■ **ASSIGNMENT**:
One part of the entries below is wanted: the lines from the one containing "#5【痒い所に手が届く犬】しりとりアップリ刺繍ブローチ" through the one containing "1.1 This test". Write those out exactly and nothing else.

-- RECORDS FOR THIS EXERCISE follows --

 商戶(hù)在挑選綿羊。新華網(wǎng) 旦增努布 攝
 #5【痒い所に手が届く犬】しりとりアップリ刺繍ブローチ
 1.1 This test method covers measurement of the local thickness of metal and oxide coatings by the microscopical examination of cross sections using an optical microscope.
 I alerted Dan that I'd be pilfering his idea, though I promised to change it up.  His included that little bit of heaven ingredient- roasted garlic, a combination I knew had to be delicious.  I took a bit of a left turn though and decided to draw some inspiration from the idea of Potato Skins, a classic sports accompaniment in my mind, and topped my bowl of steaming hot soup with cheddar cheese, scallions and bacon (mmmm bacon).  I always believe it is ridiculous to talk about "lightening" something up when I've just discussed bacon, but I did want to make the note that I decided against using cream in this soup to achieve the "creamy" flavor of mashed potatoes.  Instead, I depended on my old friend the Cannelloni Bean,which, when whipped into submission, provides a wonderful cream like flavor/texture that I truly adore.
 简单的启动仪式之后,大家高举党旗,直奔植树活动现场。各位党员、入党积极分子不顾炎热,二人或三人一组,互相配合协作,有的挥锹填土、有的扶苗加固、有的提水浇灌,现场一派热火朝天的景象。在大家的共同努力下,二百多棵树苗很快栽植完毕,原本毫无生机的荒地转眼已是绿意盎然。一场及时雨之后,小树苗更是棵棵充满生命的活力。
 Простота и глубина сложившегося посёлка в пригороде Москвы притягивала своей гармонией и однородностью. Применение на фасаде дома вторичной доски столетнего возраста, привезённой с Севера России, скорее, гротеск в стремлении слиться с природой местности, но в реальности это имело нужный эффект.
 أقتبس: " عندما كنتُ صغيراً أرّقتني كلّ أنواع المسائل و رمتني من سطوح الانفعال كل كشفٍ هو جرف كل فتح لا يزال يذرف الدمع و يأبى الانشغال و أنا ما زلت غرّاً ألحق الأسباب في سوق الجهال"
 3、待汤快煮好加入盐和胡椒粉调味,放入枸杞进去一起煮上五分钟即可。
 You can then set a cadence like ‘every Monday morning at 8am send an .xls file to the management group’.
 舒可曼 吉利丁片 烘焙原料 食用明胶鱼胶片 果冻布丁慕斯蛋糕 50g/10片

-- RECORDS FOR THIS EXERCISE concluded --

■ **ANSWER BOX**:
 #5【痒い所に手が届く犬】しりとりアップリ刺繍ブローチ
 1.1 This test method covers measurement of the local thickness of metal and oxide coatings by the microscopical examination of cross sections using an optical microscope.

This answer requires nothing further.